PTE inhibits TGF-β1-induced cell proliferation, EMT and accumulation of ECM
The chemical structure of PTE was shown in Fig. 1A. As exhibited in Fig. 1B, PTE at a dose of 30–100 µmol/L significantly reduced the cell viability of 10 ng/ml TGF-β1 exposed A549 and AEC cells (Fig. 1B). Furthermore, our preliminary experiments showed that 10 ng/ml TGF-β1 caused EMT after 48 h exposure in A549 and AEC cells (Fig. 1C and D). Here, the N-cadherin and Vimentin expression in cells were significantly increased after incubation with 10 ng/ml TGF-β1 (Fig. 1C and D), while E-cadherin protein levels were decreased (Fig. 1C and D). 30 µmol/L PTE suppressed N-cadherin and Vimentin protein levels, and rescued E-cadherin expression in TGF-β1-exposed cells (Fig. 1C and D). For accumulation of ECM, the results from western blot analysis confirmed the increased protein levels of α-SMA and fibronectin, as well as collagen 1, which induced by TGF-β1 in A549 and AEC cells (Fig. 1E and F). PTE significantly reduced the α-SMA, fibronectin, and collagen 1 expression (Fig. 1E and F). In addition, incubation with PTE alone, without TGIF1, seemed to have no effect on the EMT and accumulation of ECM compared into normally cultured A549 and AEC cells (Fig. 1C-F).

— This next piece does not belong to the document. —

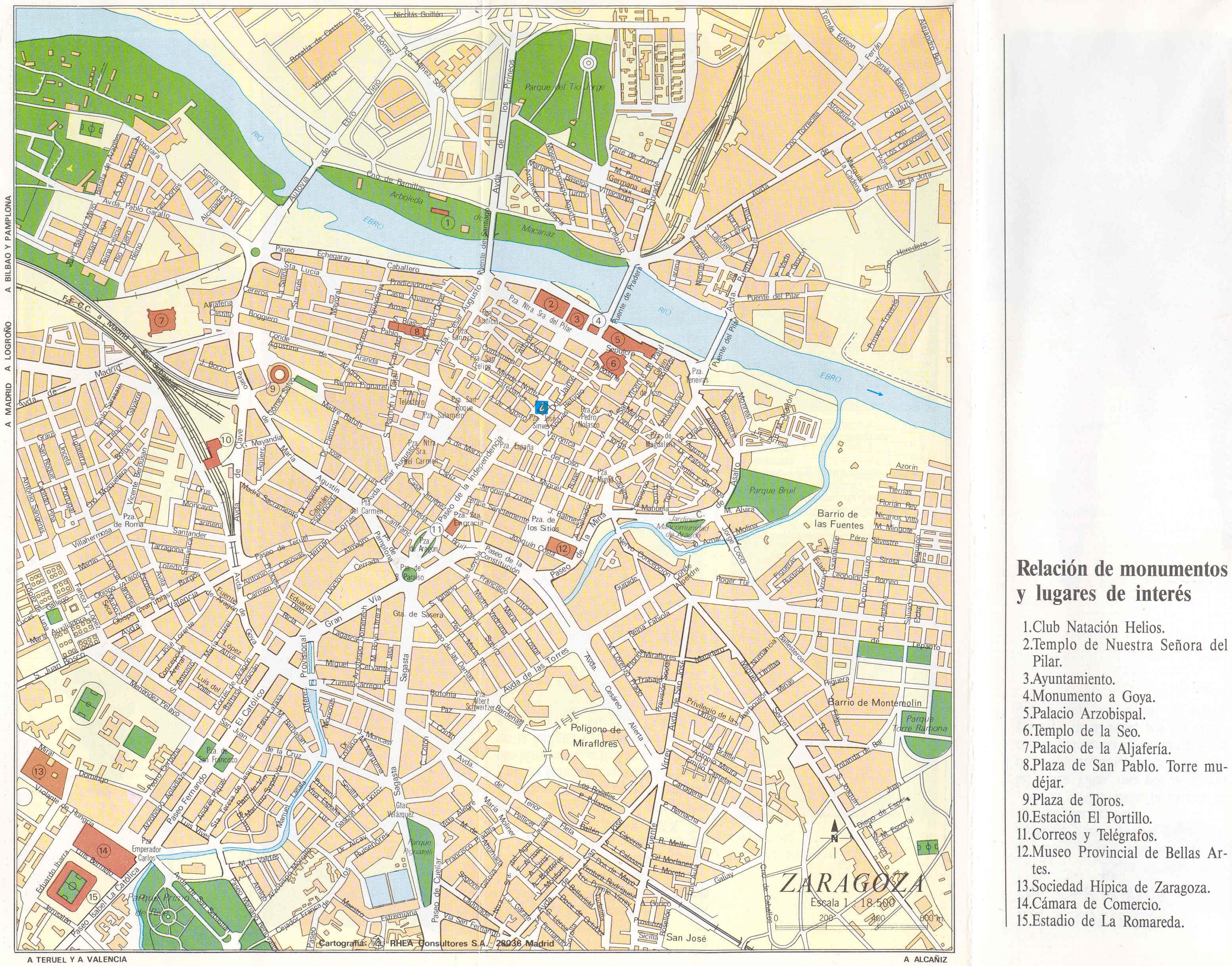 Mapa turistico de Zaragoza, Espanha

PTE promotes apoptosis and autophagy in TGF-β1-induced cells
Some studies have reported that PTE induces apoptosis in ovarian[26] and pancreatic cancer cells[27]. In this study, we found that the treatment of TGF-β1 significantly decreased the proportion of apoptosis cell (Fig. 2A and B), and inhibited the expression of Bax and caspase-3, and induced the expression of Bcl2 (Fig. 2C and D). The treatment of PTE rescued the apoptosis which inhibited by TGF-β1 (Fig. 2A and B), elevated Bax and caspase 3 protein levels, and degraded Bcl2 in A549 and AEC cells (Fig. 2C and D). We also focused on PTE in cell autophagy. As shown in Fig. 2E and F, TGF-β1significantly inhibited LC3-II, Beclin-1 and p21 protein expression, and enhanced LC3-I and Beclin-1 protein expression in A549 and AEC cells, which all were reversed by PTE. Moreover, incubation with PTE alone, without TGIF1, had no effect on the apoptosis and autophagy compared into normally cultured A549 and AEC cells (Fig. 2).
Identification of the differentially expressed genes in PTE-treated cells
We further performed transcriptome high-throughput sequencing on A549 cells incubated with TGF-β1 alone (TGF-β1), or TGF-β1 and PTE (TGF-β1 + PTE) for 24 h to identify differentially expressed genes caused by PTE. The cross-linked RNA fragments were isolated, converted into cDNA libraries, and performed to high-throughput sequencing with Illumina HisEq. TGF-β1 samples produced 8.4430 Gb clean bases, and 95.74% reads were compared to the reference genome, and measured 14848 genes. TGF-β1 + PTE samples produced 8.4045 Gb clean bases, and 95.54% reads were compared to the reference genome, and measured 15451 genes. Compared with PTE samples, 2898 differentially expressed genes were detected in TGF-β1 + PTE samples (Fig. 3). Among them, 2037 genes were differentially up-regulated and 861 genes were differentially down-regulated.
PTE inhibits pulmonary fibrosis by down-regulating ASIC2
Among the 861 differentially down-regulated genes, we found that PTE inhibited pulmonary fibrosis by down-regulating ASIC2. As shown in Fig. 4A and B, PTE significantly reduced the protein levels of ASIC2 compared with TGF-β1 group. To explore the role of ASIC2, the ASIC2 overexpression plasmid was used to rescue the protein levels of ASIC2 compared with TGF-β1 + PTE group. Furthermore, the restoration of ASIC2 protein levels stimulated the EMT (Fig. 4C and D) and accumulation of ECM (Fig. 4E and F), and inhibited apoptosis and autophagy (Fig. 5) compared with TGF-β1 + PTE group.